As described in claim 7 , in the connecting portion between the horizontal member and the vertical member, the side provided on the long screw member is opposite to the vertical member and corresponds to the anti-slip plate. And it can also be set as the structure where the said 1st shaft-shaped member is provided in the said horizontal member.

  If it does in this way, while the anti-skid plate is supported by the long screw member, the load from the brace can be received by the first shaft-like member via the brace end hardware and the anti-skin plate. .
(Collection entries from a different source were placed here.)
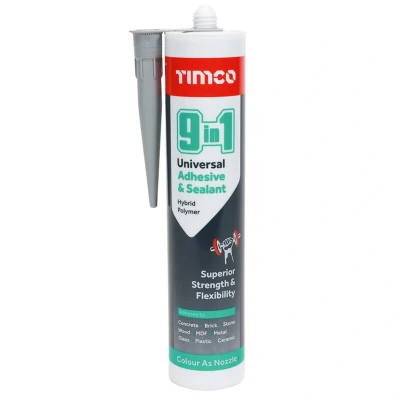 General description TIMCO 9 in 1 Universal Adhesive & Sealant is designed to provide superior bonding and sealing performance for all building materials, even in wet conditions. Its advanced formula makes it extremely versatile, suitable for various applications in construction and home improvement projects. Technical specifications Volume: 290ml Color: Grey
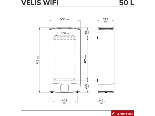 Boilerul Ariston Velis EVO Wi-Fi este un model electric ce integrează caracteristicile apreciate ale seriei Velis Evo Plus cu avantajul controlului prin internet via aplicația Ariston Net. Echipat cu modul Wi-Fi, permite reglarea temperaturii de la distanță prin smartphone și monitorizarea consumului energetic. Destinat încălzirii apei menajere, are o capacitate de 50 de litri, montare murală și aparține clasei energetice B. Cu un design super-plat, de doar 27 cm grosime, poate fi instalat atât vertical, cât și orizontal. Structura internă unică, cu două compartimente separate, asigură o stratificare eficientă a apei, reducând timpul necesar încălzirii pentru un duș.
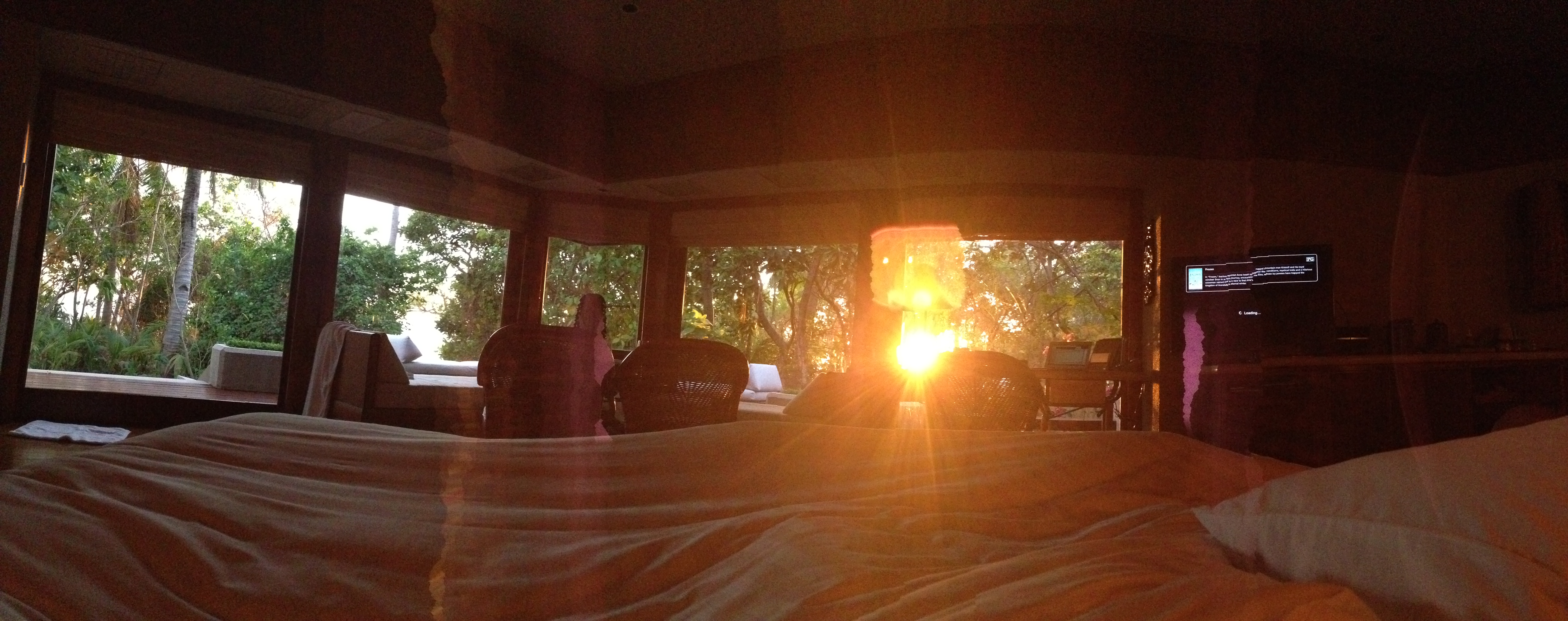 We then returned to our casita to enjoy the sunset from our bed facing the sea. Both walls facing the sea have an unadulterated view of nature making it the perfect venue for lazing around. These casitas were designed by world renowned Architect Francisco Mañosa, the same architect that designed The Coconut Palace and boy he has a fine taste indeed. These casitas do not scream luxury, but keeps the design temperament subdued, classic and yet so very refined. You will not see any of those tacky designs that most pretentious places have nowadays. Each casita has a Samsung Smart TV, a Bowers & Wilkins Wireless speaker that you can use to Airplay your iPhone to via the dedicated wifi hotspot per casita. We actually brought our Apple TV with us hoping we could use the lazy hours to watch Netflix or Hulu Plus, but the internet connection was too slow for it. We tried watching Frozen which we bought from the iTunes Store, but it said it would take forever before it started playing. So we chose the luxury of doing nothing until the sun gave way to the night.
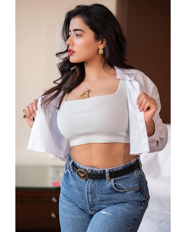 இந்நிலையில், ஜீன்ஸ் பேண்ட் மற்றும் முன்னழகை கவர்ச்சியாக காண்பிக்கும் உடையை அணிந்து போஸ் கொடுத்து அவர் பகிர்ந்துள்ள புகைப்படங்கள் இணையத்தில் வைரலாகி வருகிறது.
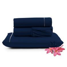 Jogo de Lençol Micropercal 400 Fios Solteiro 3 Peças Barato - Marinho
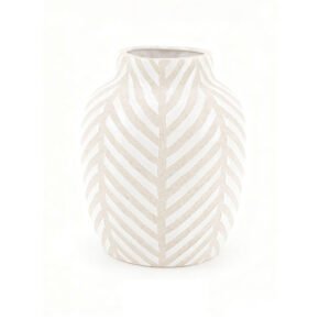 Modern Nordic Handcrafted Ceramic Vase with Embossed Herringbone Pattern, Minimalist Off-White Flower Vase for Living Room, Office Desktop, and Home Decor Centerpiece, Ideal Gift Vase for Weddings and Housewarming
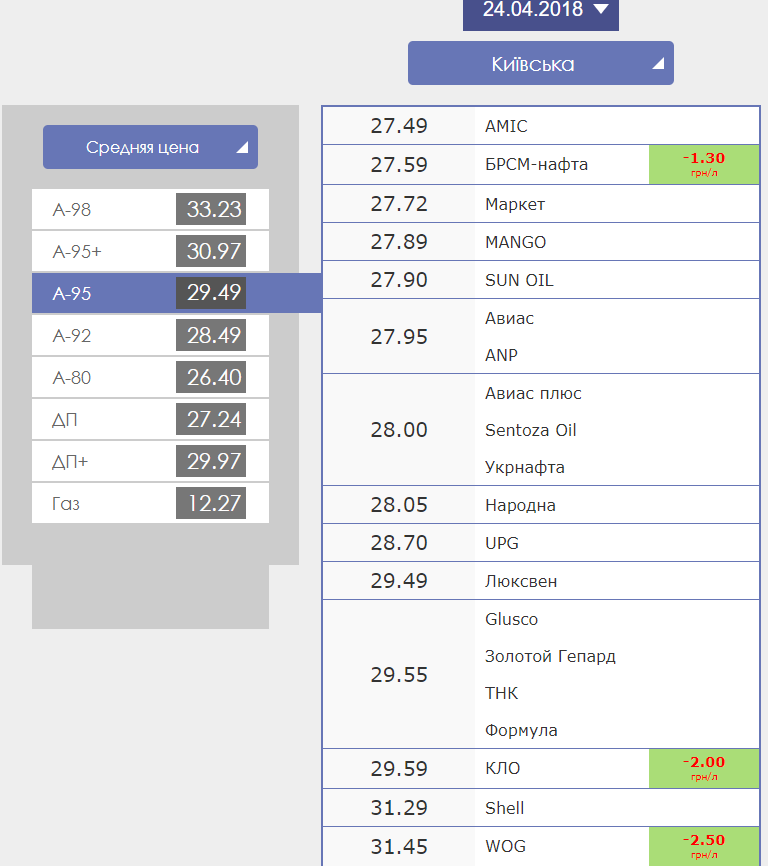 Пока нефть дорожает уже несколько месяцев подряд, в Украине с марта падают цены на бензин и дизтопливо. Если зимой цены на А-95 поднялись до 32-33 гривень, то сейчас они колеблются в пределах 27-29.
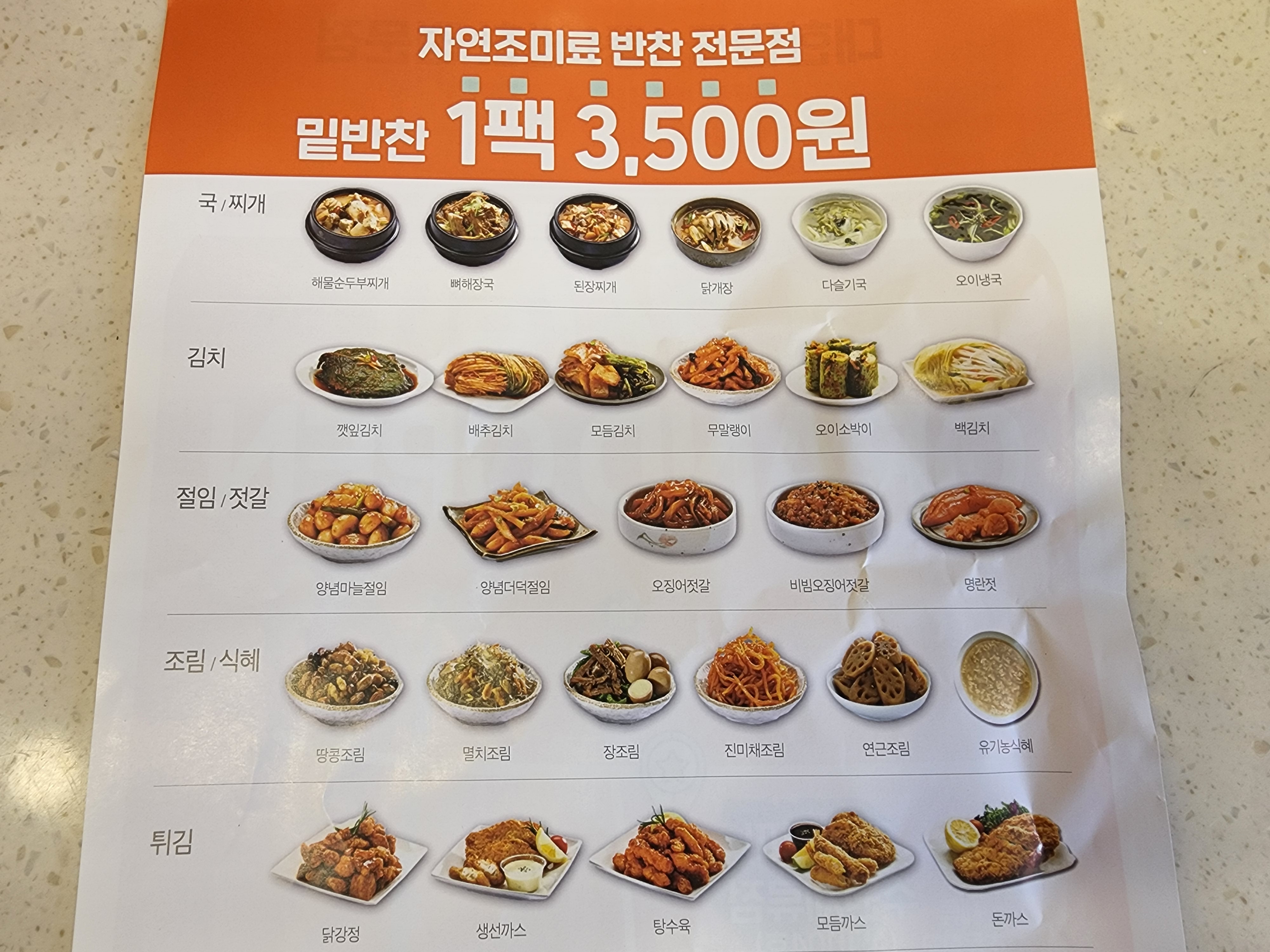 밑반찬 1팩에 3,500원이에요
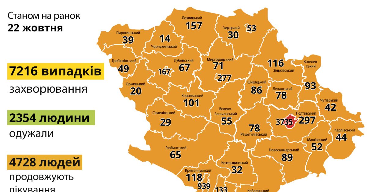 За інформацією Полтавського обласного лабораторного центру МОЗ України, від початку карантину на Полтавщині діагностували 7216 випадків захворювання на COVID-19.
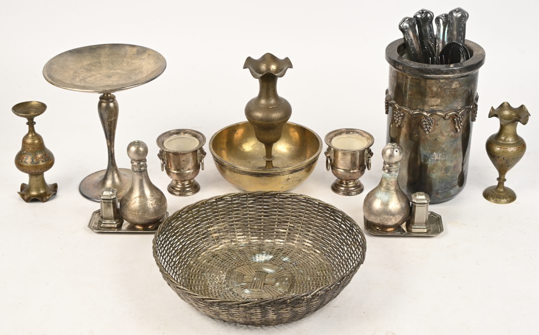 #117Een lot van vier antieke metalen voorwerpen, waaronder een kunstig bewerkte karaf, een sierlijke dekselpot, een verzilverde vaas en een gedetailleerd beeld van een haan.
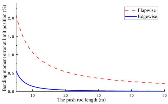 Take a 60 m-long blade as an example to calculate. , , , and of the edgewise blade are 1.08 m, 518.5 kN·m, 3852 kN·m, and 5250 kN·m, respectively. Because the amplitude of the flap-wise blade is 3.69 m, the rod length must be greater than 3.69 m to prevent the blade from colliding with the guide rail. According to the above data, the variation trend of the bending moment error in both directions at the limit position with the increase in rod length is shown in Figure 13.
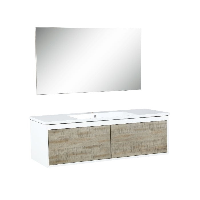 Lexora Scopi Modern 48" Rustic Acacia Bathroom Vanity w/ Acrylic Composite Top, and Frameless Mirror | LSC48SRAOSM43
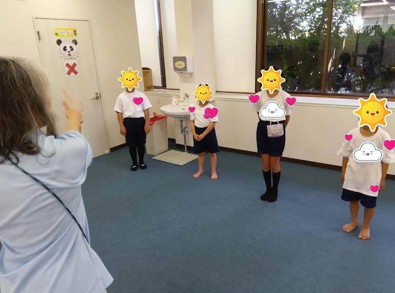 次にスタッフさんの動きを見て、同じ動きをしてもらいました。
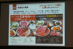 同社では26日に発表会を開催し、代表取締役社長の澄川浩太氏と牛角マーケティング部 部長の戸田祐介氏が新セット提供の背景や狙いを説明した。
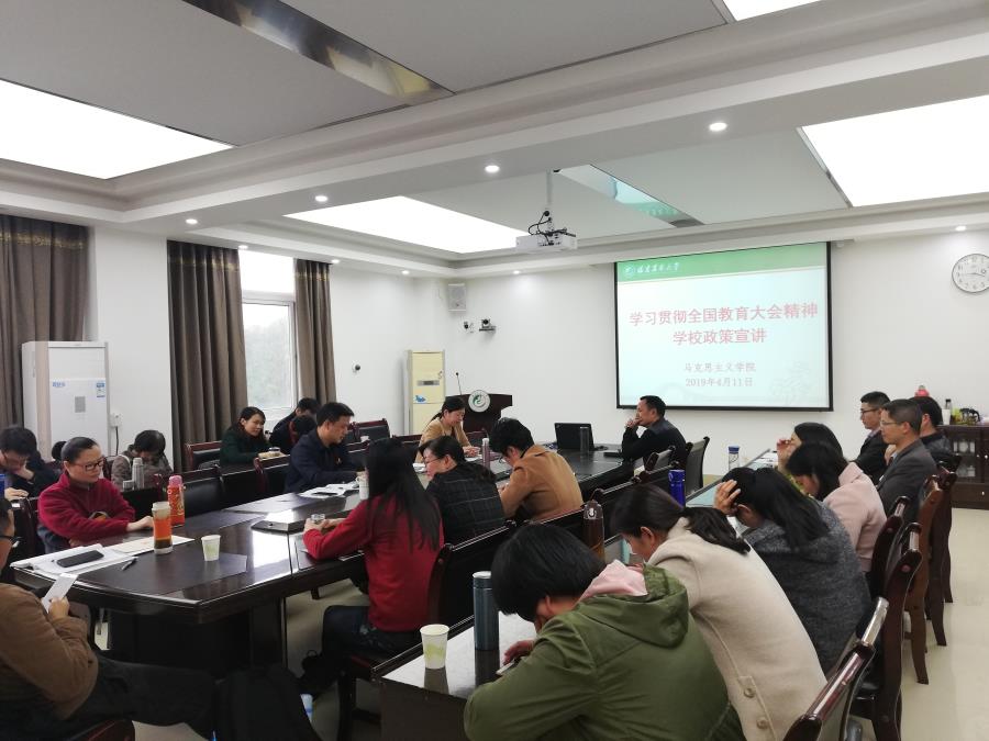 4月11日下午,马克思主义学院在明德楼613会议室,召开学习全国教育大会精神思政课教师学习班专题学习暨学校政策宣讲会。学院党委副书记(主持工作)连文主持会议。院长刘新玲、副院长李宝艳及学院教职工代表参会。
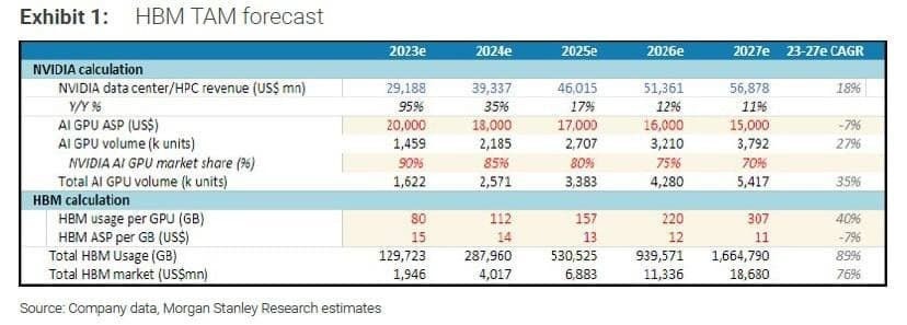 HBM 향후 판매량 전망에서 단순 GPU 출하량 갯수뿐만 아니라 GPU 당 탑재량도 같이 봐야 하는 게 바로 이 때문임. 그래서 첨부한 모건스탠리 리포트에서도 27년 GPU 당 HBM 용량(HBM usage per GPU)을 307GB로 계산했던 것임. 뿐만 아니라 대역폭도 HBM2E(A100)에서 HBM4(차차세대 GPU)로 가면서 몇 배씩 증가한다는 점을 감안하면 GPU의 HBM 전체 성능이 세대가 업그레이드 되면서 수십배 상승한다고 보면 됨. 예컨대 HBM2에서 3으로 가면서 대역폭이 3.2배 상승(256GB/sec->819GB/sec)했다는 점을 감안하면 HBM4의 대역폭 역시 3 대비 최소 3배 이상은 될 것이고, 용량 증가까지 감안하면 엔비디아 차차세대 GPU의 HBM 종합 성능은 H100 대비 거의 20배 가까이 상승할 것으로 전망함. 정말로 어마어마한 성능의 괴물 칩이 출시되는 것임.
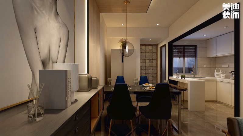 將金屬、玻璃的元素作為輔材裝飾,是現(xiàn)代風(fēng)格的常見裝飾手法,能給人帶來前衛(wèi)、不受拘束的感覺。而香檳色的金屬更具高級感,完美契合輕奢調(diào)性。李曌曦設(shè)計(jì)師的這套作品打破了整體空間的線條感,以動制靜充滿朝氣,而且時尚靈動。
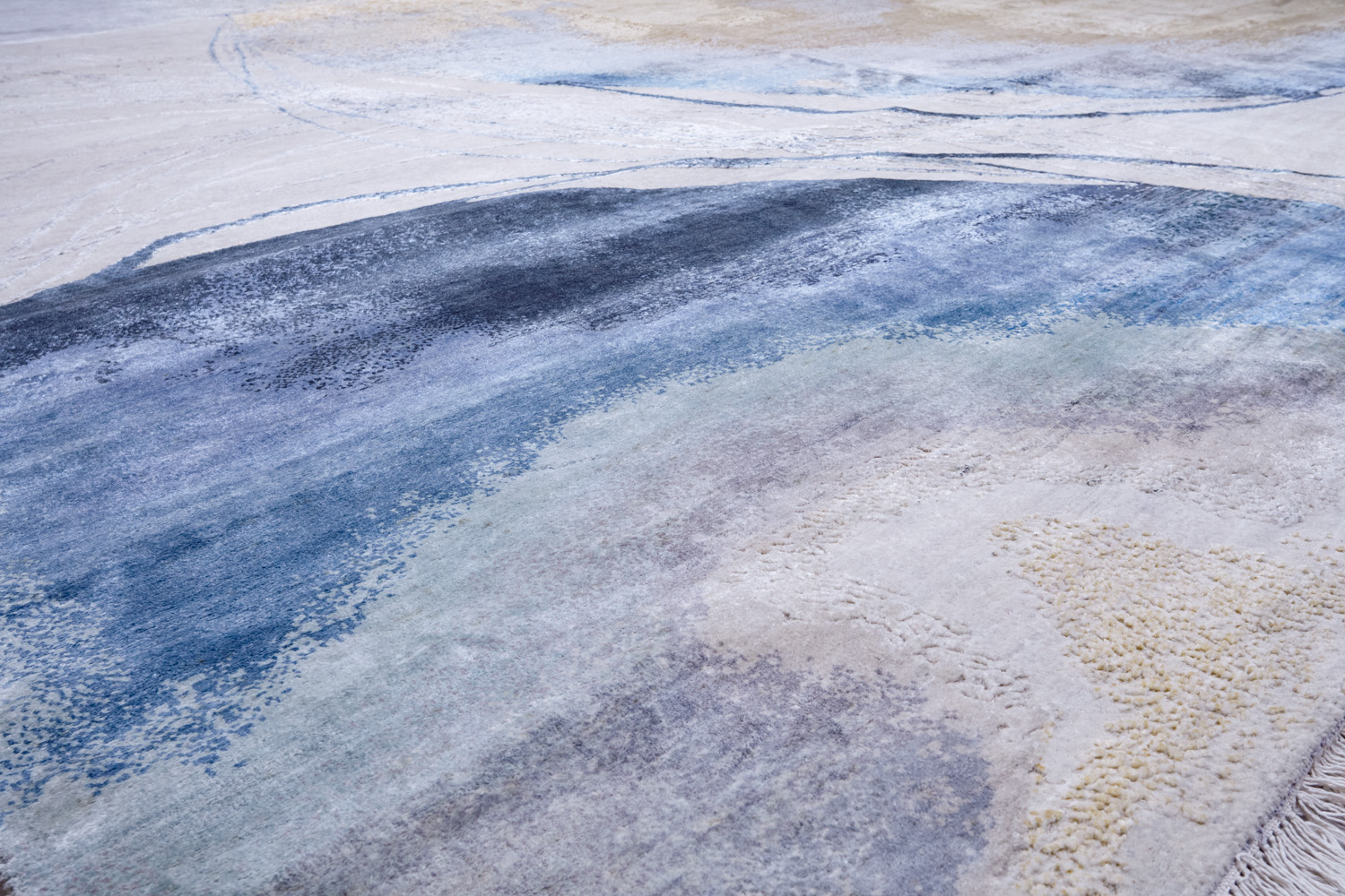 Дизайн ковров напоминает современные полотна художников-абстракционистов и производит столь же яркое и незабываемое впечатление в интерьере. Живописный эффект и необычная фактура зависят от выбора материала: натуральной шерсти, шёлка и от их сочетаний друг с другом. Ковры ткутся вручную в лучших мастерских Индии и Пакистана.
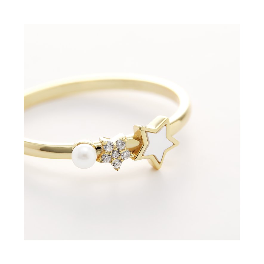 Entdecke diesen zauberhaften Ring für Frauen von CHRIST, der die Magie des Nachthimmels an deinen Finger bringt. Gefertigt aus recyceltem 925er Silber und mit einer warmen Vergoldung veredelt, strahlt dieses Schmuckstück in einem eleganten, warmen Farbton. Das Design ist eine liebevolle Komposition himmlischer Symbole: An der schmalen, polierten Ringschiene reihen sich ein strahlender Stern, ein funkelndes Sternenbild und eine zarte Perle aneinander.
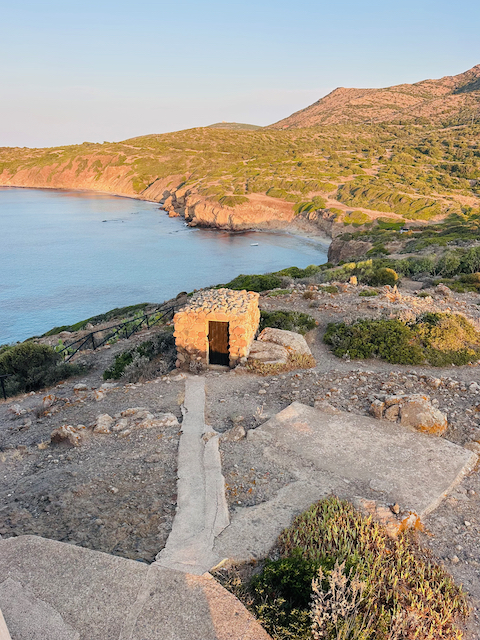 A 1757 watchtower on the wild southern tip of Sant’Antioco, a small island in the southwest of Sardinia. The tower, built to spot Barbary pirate raids, today watches over three quiet little bays — perfect for a picnic with cliffs, turquoise water and not a crowd in sight. Several benches let you sit and enjoy your picnic, and a sandy beach is a five-minute walk below — perfect for cooling off afterwards.
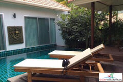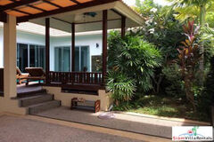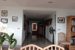 The accommodation comprise of a large living room leading to the kitchen and to two king sized bedrooms, both with private ensuite bathrooms. The living room leads out to a covered dining area which can seat up to eight. This faces onto the pool and the tropical garden at the far end with the mountains in the background. The villa is surrounded by a 2.5 meter wall and an automatic gate to the parking area which provides very good security.
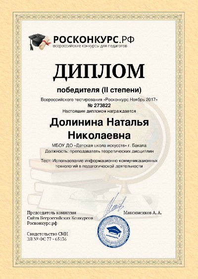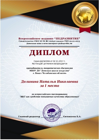 Преподаватели школы искусств г. Бакала участвуют в конкурсах, проходят тестирование и публикуют свои методические разработки.
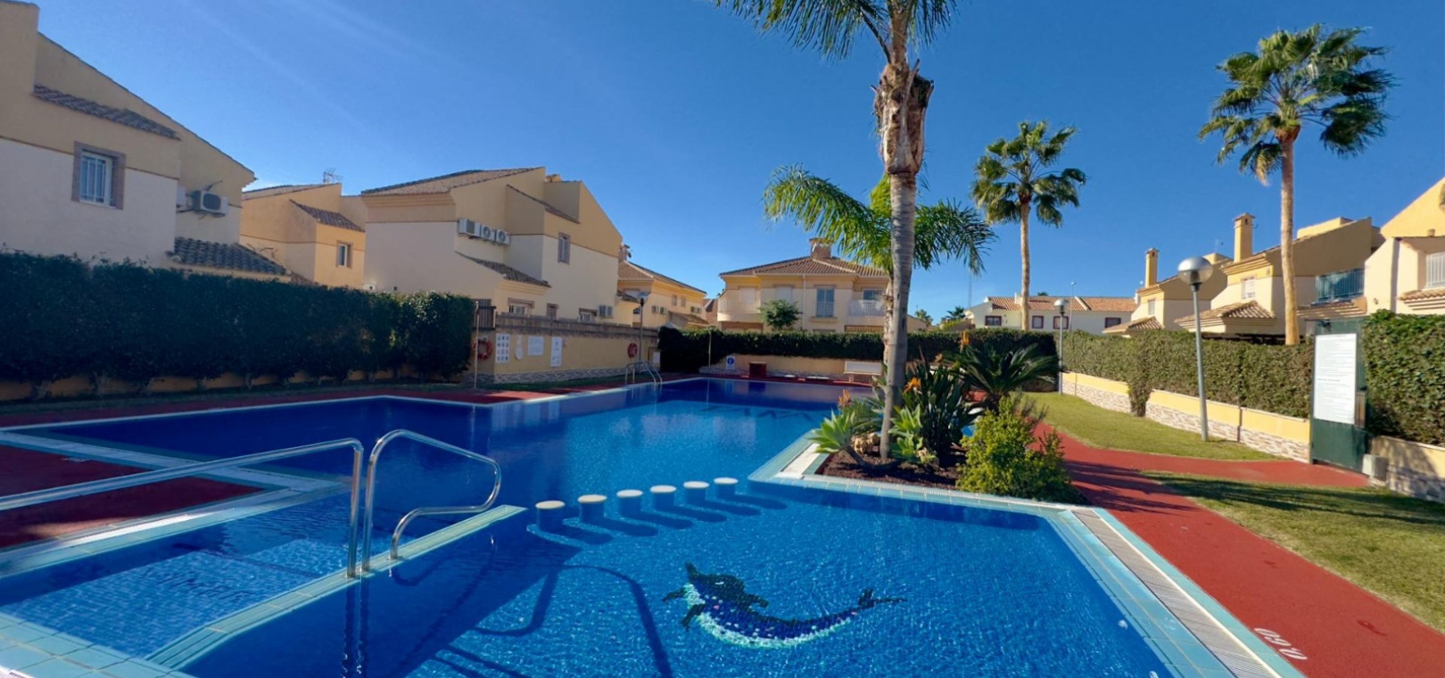 Le terrain de 98,45 m² offre un espace extérieur privatif idéal pour se détendre ou prendre ses repas en plein air. La résidence dispose d'une piscine commune bien entretenue, entourée d'espaces verts, parfaite pour les loisirs et la détente. Une place de parking privée (n° 9) est incluse dans le prix.

As according to claim 8, wherein the portion where the first shaft-shaped member is provided, wherein the vertical member extending in a direction perpendicular to the horizontal member is provided on said vertical member, said first axis The second shaft-shaped member is embedded in the longitudinal direction of the vertical member, and the end portions of the first shaft-shaped member and the second shaft-shaped member are in contact with each other. Is also possible. Here, “the end portions of the first shaft-shaped member and the second shaft-shaped member are in contact” means that the end portions of the first shaft-shaped member and the second shaft-shaped member are loaded. It means that they are in contact so that they can be handed over.

  In this way, the load from the second shaft member can be directly received by the first shaft member.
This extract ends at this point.